The UK Ministry of Defence (MoD) has given the green light to the next phase of the European Common Radar System (ECRS) Mk 2 radar for the Royal Air Force’s (RAF) Typhoon multi-role fighter.
BAE Systems and Leonardo will share funding worth GBP317 million (USD421 million) for the development and integration of the ECRS Mk 2. Alongside standard radar search/track modes, the ECRS Mk 2 will also confer electronic warfare (EW) and electronic attack (EA) capabilities.
Leonardo already produces AESA radars for the Saab Gripen fighter, and the company’s systems are also being fitted to Typhoons for export customers Kuwait and Qatar.
The British plan to equip their 40-strong fleet of Typhoon Tranche 3 jets with the new radar but will decide at a later date whether to take up the option of fitting out the earlier Tranche 2 aircraft with the technology.
The new active electronically scanned-array (AESA) radar is initially planned for retrofit to 40 Tranche 3 Typhoons, with the option remaining for extension into Tranche 2 aircraft. The UK’s commitment to ECRS Mk 2 follows a similar commitment from Germany and Spain to deliver their own national requirements for an AESA radar.
Both BAE Systems and Leonardo are already working, as part of a four-nation development programme, alongside Eurofighter consortium partners in Germany, Spain and Italy on a baseline version of the Captor-E AESA radar. However, the two companies say that the ECRS Mk 2 “is a completely new approach designed to meet the operational needs of the RAF and future export customers”.

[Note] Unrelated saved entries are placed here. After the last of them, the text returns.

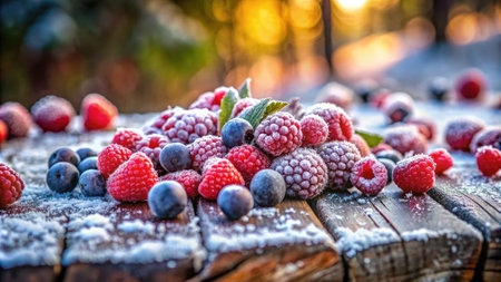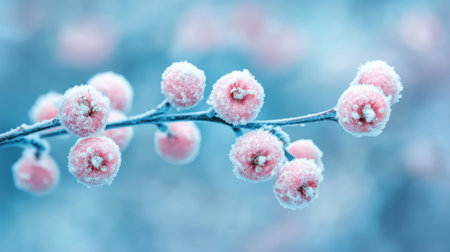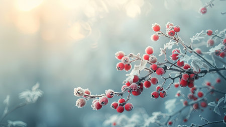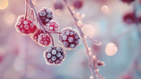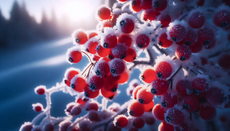 A close-up shot of frost-covered berries at sunrise. The image captures the serene beauty of winter.
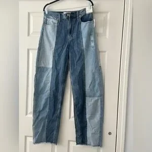 Unisex barrel jeans with blue patchwork design. Comfortable and stylish for everyday wear.
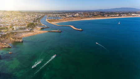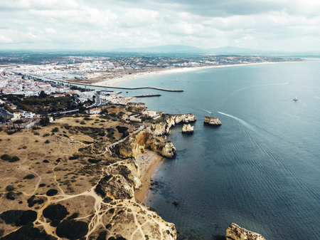 Aerial view from the sky of the Portuguese coastline of the Algarve zone of Lagos city. Boats and ships are moving in the direction of the port. High quality photo
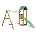 Aire de jeux en bois Lucas avec balançoire double de la marque FungooToboggan vert de 1,75 mAncrages au solCapuchonsÉchelleKit bois completEnsemble de connecteurs métalliques Ensemble d'outils d'installation Instructions d'installation étape par étape avec les règles de sécurité Kit de crochets po
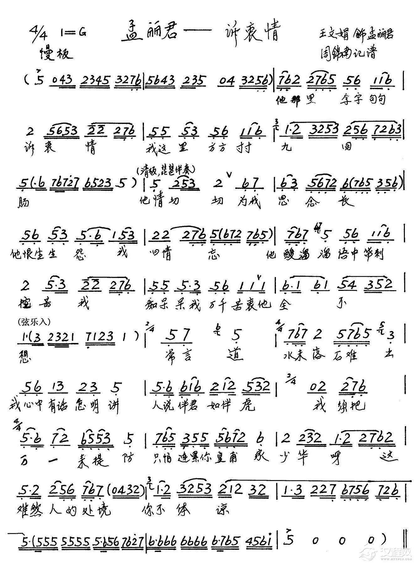 戏曲曲谱私访(《何文秀》选段)
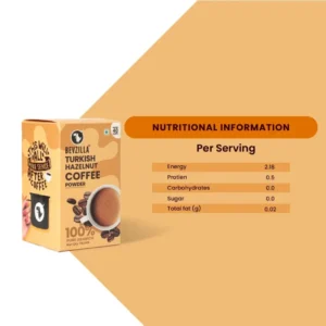 Experience the Bevzilla Difference: Elevate your coffee experience with Bevzilla Turkish Hazelnut Instant Coffee Powder. Made from 100% pure Arabica Beans, this delightful blend promises a smooth, delicious, and frothy coffee experience every time. With its plant-based vitamins blend, it offers a healthier alternative to regular coffee blends. Plus, it’s gluten-free, vegan-friendly, and contains no preservatives, additives, or added sugar. Enjoy the premium taste of freshly brewed cafe-like coffee in the comfort of your home, at the same cost as your regular coffee. With balanced, smooth, and strong flavors, infused with subtle aromatic notes, Bevzilla Turkish Hazelnut Instant Coffee Powder is your perfect companion for moments of indulgence and relaxation.

The key differentiators for the ECRS Mk 2 are a new high-power multi-function array, featuring significantly more transmit/receive elements than similar fighter radars, and a new open-architecture radar ‘back end’. The new array will enable the simultaneous operation of EW and wideband EA functionality alongside traditional air-to-air and air-to-surface radar modes.
The ECRS Mk 2 has been de-risked by the UK’s ‘Bright Adder’ high-power array technology demonstrator programme. Begun in 2010, and pulling through technology from the earlier Advanced Radar Targeting System programme, ‘Bright Adder’ has successfully demonstrated novel ‘jamming through the radar’ functionality.

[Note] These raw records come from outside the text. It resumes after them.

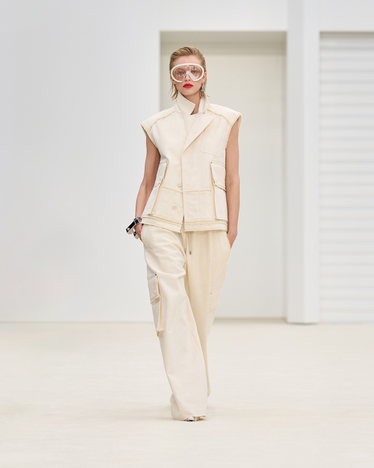 La passerella si fa laboratorio avveniristico: uno spazio bianco in cui la luce e il tatto svelano la fisicità, la rapidità e la libertà di chi indossa i capi. La filosofia è chiara: ridurre per aumentare senso, emozione e connessione.
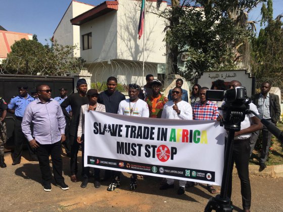 Charly Boy, Deji Adeyanju, and some other Nigerians protested at the Libyan Embassy, Abuja to condemn the slave trade going on in Libya. Photos of some of the slaves which was publicized by Cable News Network (CNN) left many people totally shocked.
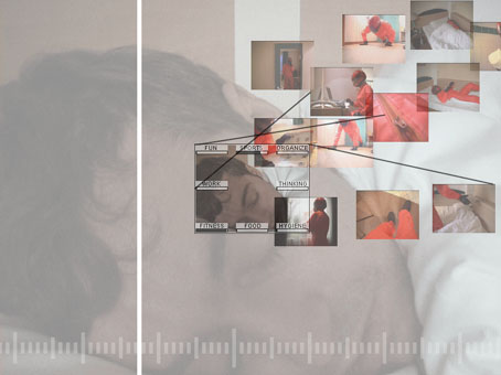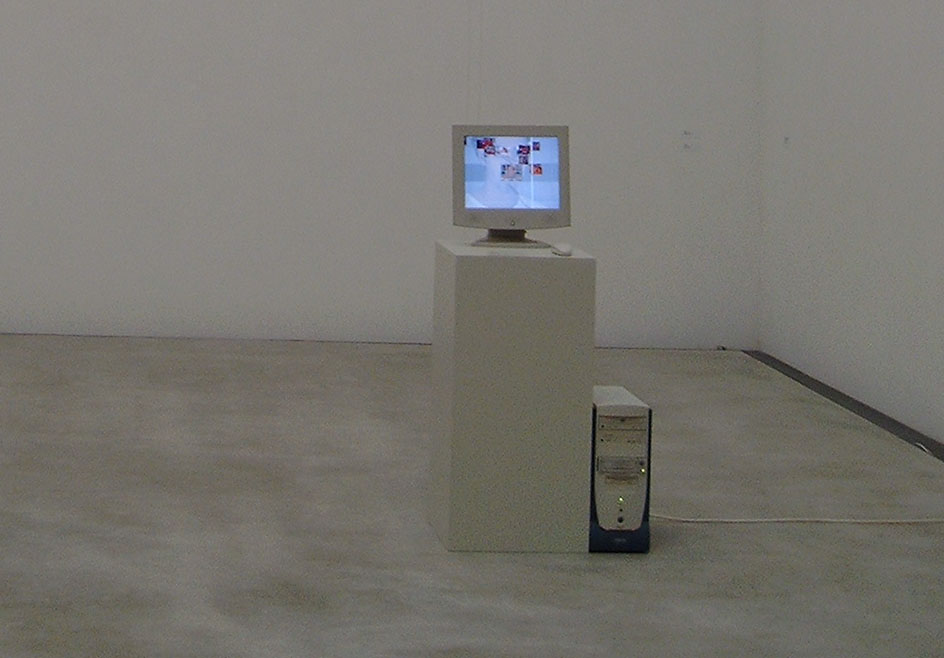72 videos ranging from 20 seconds to 2 minutes in length are played in the program TWML (Two-Way-Movie-Linker). Programmed with Macromedia Director.

The announcement of the next step in Britain’s intentions to go their own way with development of the Mk2 system comes just weeks after Typhoon national partners Germany and Spain revealed they were going ahead with the development and manufacture of the Hensoldt-led European Common Radar System Mk1 version.
Spain, Germany and Italy among the four Typhoon partner nations have decided on a replacement for the effective but aging mechanically scanned radar currently in operation with new ESCAN AESA radar.
Britain and Italy both operate the Lockheed Martin F-35 alongside their Typhoons.